I typically avoid reading impressionistic pieces by journalists who visit places to find swing voters (In Diners™), and a recent NY Times article “Elated, Furious, Wary: Impeachment Divides Voters, Like Everything Trump“, would have been no different. Life is too short to read yet another account of a Cletus Safari. But Matt McDermott examined some of the supposed swing voters, and they’re … not very swingy. These voters include:
- A woman who voted for Trump in 2016 and Republicans in 2018. Maybe she’s considered swing because she acknowledges Trump’s racism–which didn’t seem to stop her from voting for him. Doesn’t seem swing to me.
- A woman who has attended 23 (that’s not a typo: twenty-three) Trump rallies and wrote a book which was a collection of (some of) his tweets. By her own admission, she has read each tweet about “fifty times.” Not a swing voter.

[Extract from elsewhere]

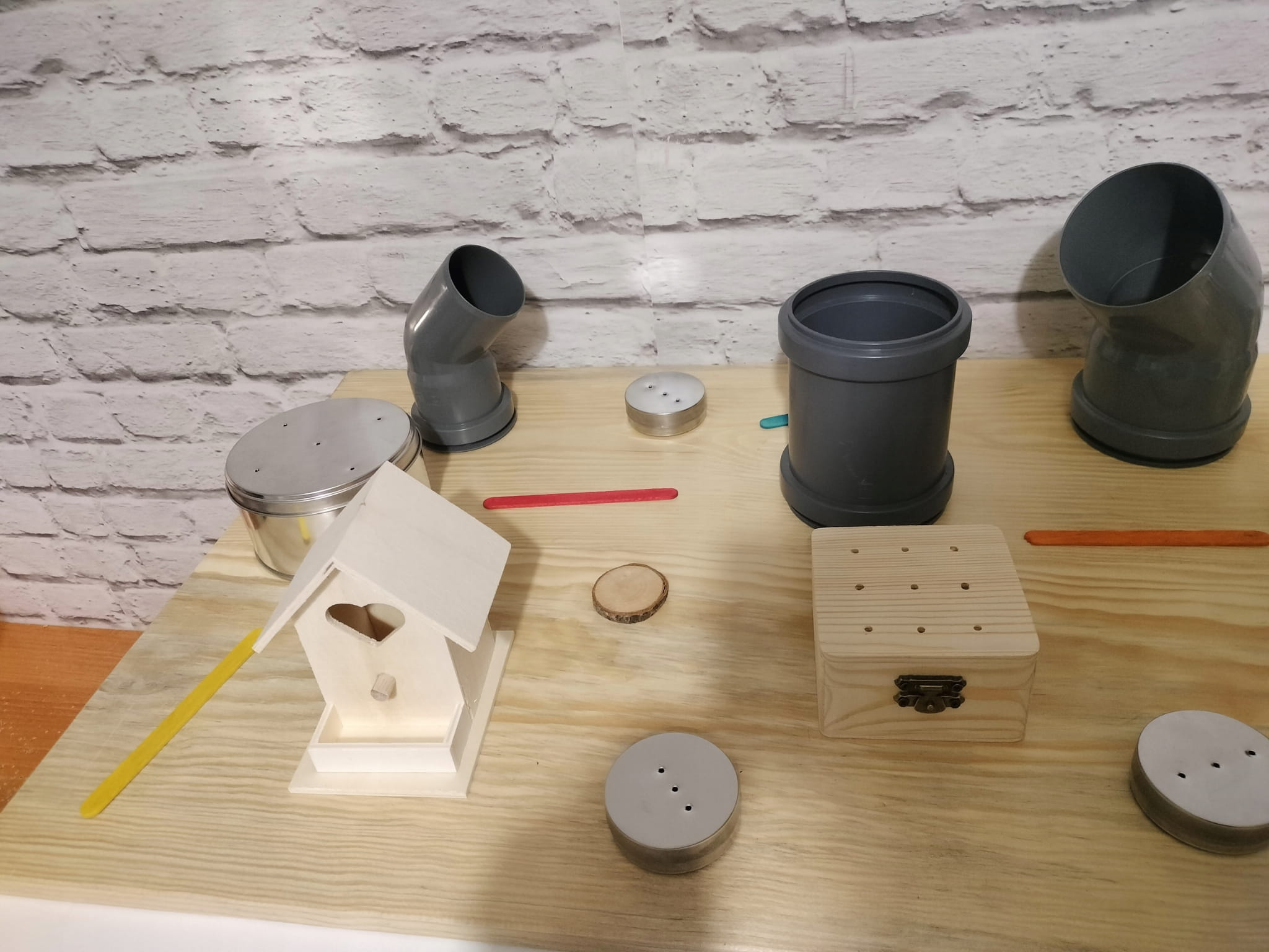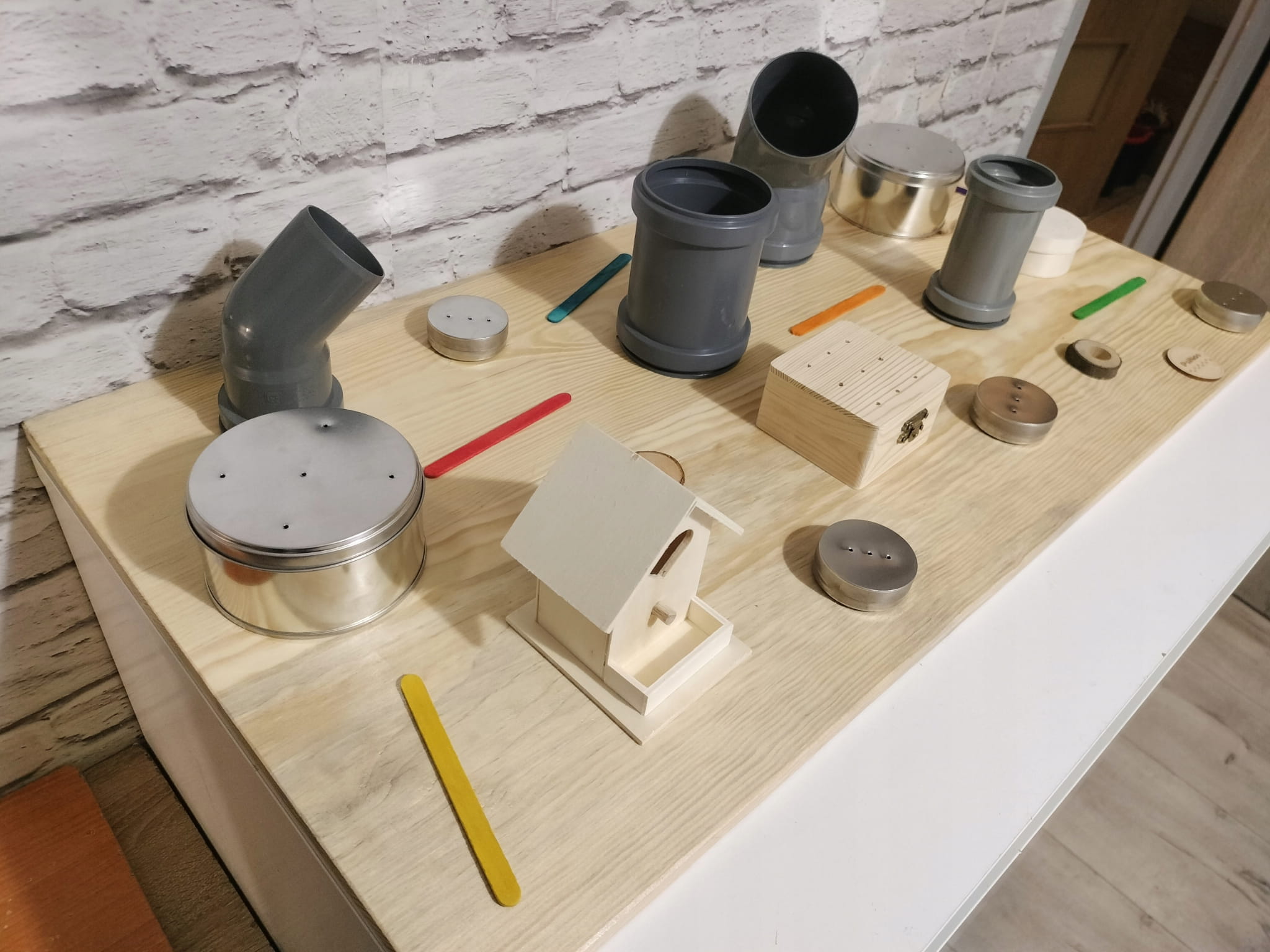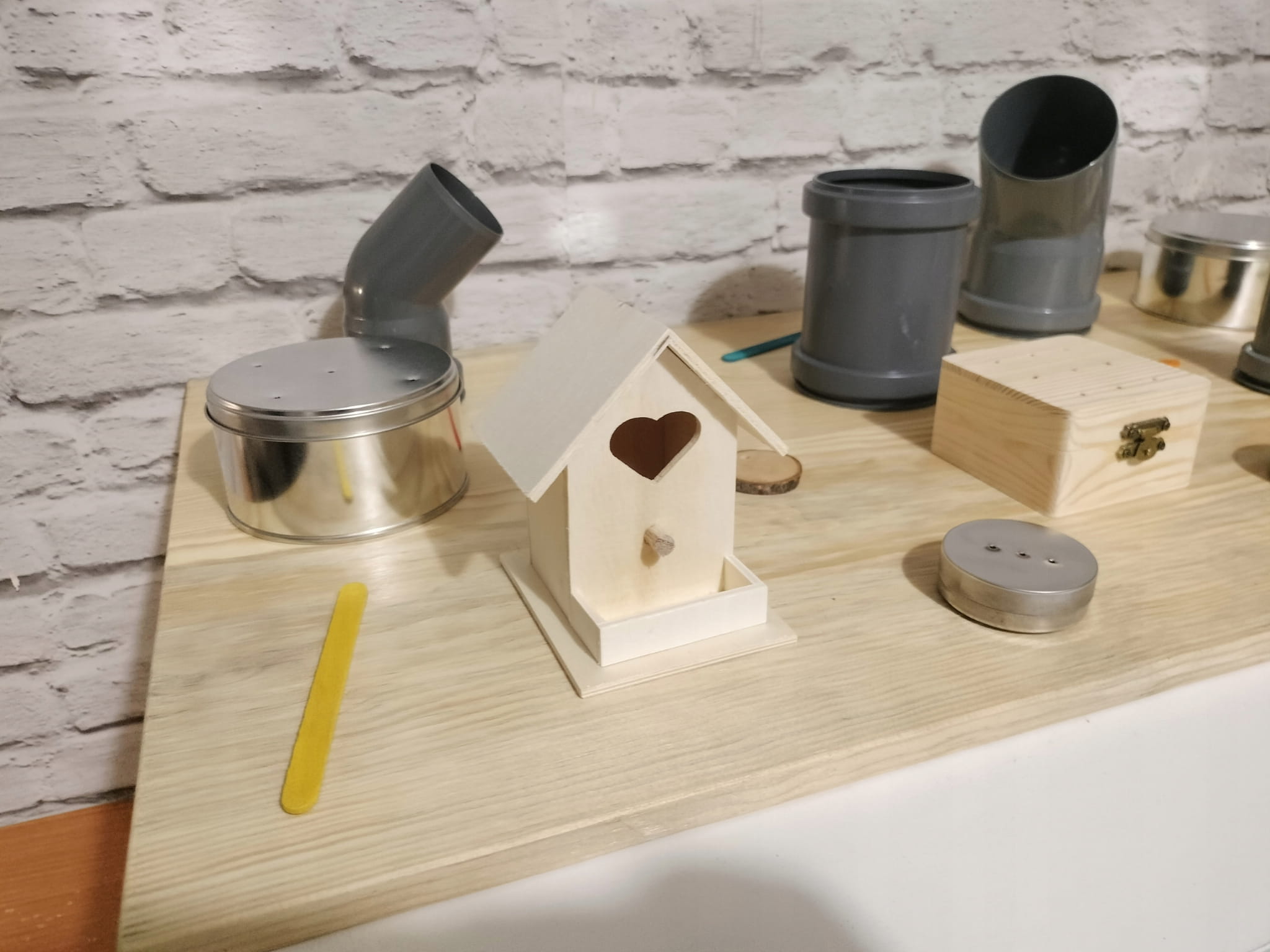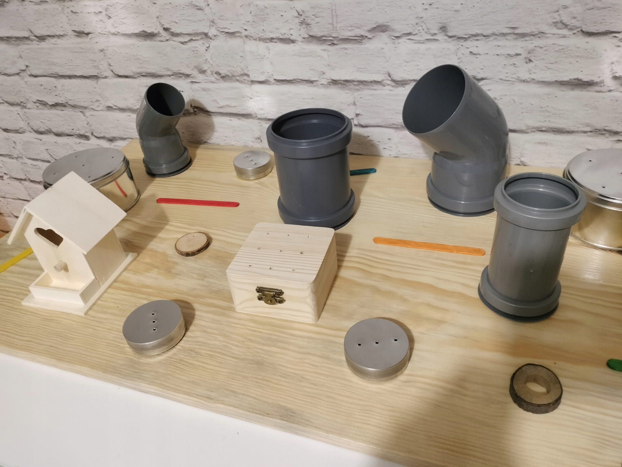 - Okrągły pojemnik ze sklejki z otworami (7/3 cm) z magnetyczną puszką 50/16 mm w środku

- A man with a Robert E. Lee portrait. In 2019. Doesn’t seem to be an easy get for Democrats.
These aren’t swing voters. This isn’t an isolated incident. The NY Times has a history of doing downplaying political attachments, including a GOP convention delegate and a longtime political activist and PAC founder.
This is bad journalism and bad editing. Maybe the NY Times should hire some more editors and ditch a couple of columnists? I can’t wait for the 2020 campaigns to start…
“The NY Times has a history of doing downplaying political attachments” – oddly, it only seems to work in one direction. Probably a variant of Murc’s Law.